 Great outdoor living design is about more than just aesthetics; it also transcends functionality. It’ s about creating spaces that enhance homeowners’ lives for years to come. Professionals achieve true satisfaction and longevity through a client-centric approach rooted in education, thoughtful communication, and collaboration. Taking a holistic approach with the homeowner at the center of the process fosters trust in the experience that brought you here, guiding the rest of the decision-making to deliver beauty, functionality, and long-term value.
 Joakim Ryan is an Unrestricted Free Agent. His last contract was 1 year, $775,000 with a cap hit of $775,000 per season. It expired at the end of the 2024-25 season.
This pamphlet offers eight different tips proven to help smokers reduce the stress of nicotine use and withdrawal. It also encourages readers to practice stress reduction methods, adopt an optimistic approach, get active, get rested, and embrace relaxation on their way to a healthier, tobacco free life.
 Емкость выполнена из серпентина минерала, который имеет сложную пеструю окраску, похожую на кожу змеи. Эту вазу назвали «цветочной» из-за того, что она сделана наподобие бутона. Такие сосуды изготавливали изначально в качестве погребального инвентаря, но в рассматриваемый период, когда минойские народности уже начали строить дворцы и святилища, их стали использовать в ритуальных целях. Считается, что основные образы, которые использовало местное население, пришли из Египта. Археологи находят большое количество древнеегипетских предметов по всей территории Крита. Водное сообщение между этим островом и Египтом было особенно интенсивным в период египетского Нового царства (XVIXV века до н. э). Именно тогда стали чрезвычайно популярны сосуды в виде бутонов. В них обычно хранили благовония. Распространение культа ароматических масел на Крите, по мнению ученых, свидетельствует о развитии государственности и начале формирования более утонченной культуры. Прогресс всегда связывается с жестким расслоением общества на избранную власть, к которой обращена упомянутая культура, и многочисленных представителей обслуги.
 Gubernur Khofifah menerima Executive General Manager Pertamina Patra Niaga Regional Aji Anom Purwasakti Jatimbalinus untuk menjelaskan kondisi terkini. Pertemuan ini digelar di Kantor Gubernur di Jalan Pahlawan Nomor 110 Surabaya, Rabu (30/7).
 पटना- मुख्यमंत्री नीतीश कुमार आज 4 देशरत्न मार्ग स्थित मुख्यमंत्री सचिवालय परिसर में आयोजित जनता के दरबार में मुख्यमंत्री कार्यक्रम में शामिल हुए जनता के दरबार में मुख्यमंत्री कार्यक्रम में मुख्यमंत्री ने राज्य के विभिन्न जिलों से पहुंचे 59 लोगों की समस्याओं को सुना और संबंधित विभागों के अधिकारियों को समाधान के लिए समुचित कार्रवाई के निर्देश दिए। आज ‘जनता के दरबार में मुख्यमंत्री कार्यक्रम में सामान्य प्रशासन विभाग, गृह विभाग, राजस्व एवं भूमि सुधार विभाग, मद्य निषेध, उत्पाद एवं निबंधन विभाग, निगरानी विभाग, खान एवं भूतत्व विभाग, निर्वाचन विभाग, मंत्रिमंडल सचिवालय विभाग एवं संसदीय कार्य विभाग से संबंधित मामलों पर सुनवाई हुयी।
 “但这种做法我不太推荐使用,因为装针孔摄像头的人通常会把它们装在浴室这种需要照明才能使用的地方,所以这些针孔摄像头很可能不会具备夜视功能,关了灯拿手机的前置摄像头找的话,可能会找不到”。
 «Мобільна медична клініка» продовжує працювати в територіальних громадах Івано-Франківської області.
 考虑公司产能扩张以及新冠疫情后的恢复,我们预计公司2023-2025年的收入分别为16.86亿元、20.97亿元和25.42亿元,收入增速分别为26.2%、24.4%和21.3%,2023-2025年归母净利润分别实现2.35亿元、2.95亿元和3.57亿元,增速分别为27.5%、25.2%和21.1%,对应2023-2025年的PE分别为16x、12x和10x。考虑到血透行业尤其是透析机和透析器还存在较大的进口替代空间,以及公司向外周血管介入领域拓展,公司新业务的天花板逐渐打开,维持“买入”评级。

> **Assignment**
Set down again, word for word, the stretch of records from the line with "Joakim Ryan is" to the line with "This pamphlet offers", both of those lines included.

> **Written reply**
 Joakim Ryan is an Unrestricted Free Agent. His last contract was 1 year, $775,000 with a cap hit of $775,000 per season. It expired at the end of the 2024-25 season.
This pamphlet offers eight different tips proven to help smokers reduce the stress of nicotine use and withdrawal. It also encourages readers to practice stress reduction methods, adopt an optimistic approach, get active, get rested, and embrace relaxation on their way to a healthier, tobacco free life.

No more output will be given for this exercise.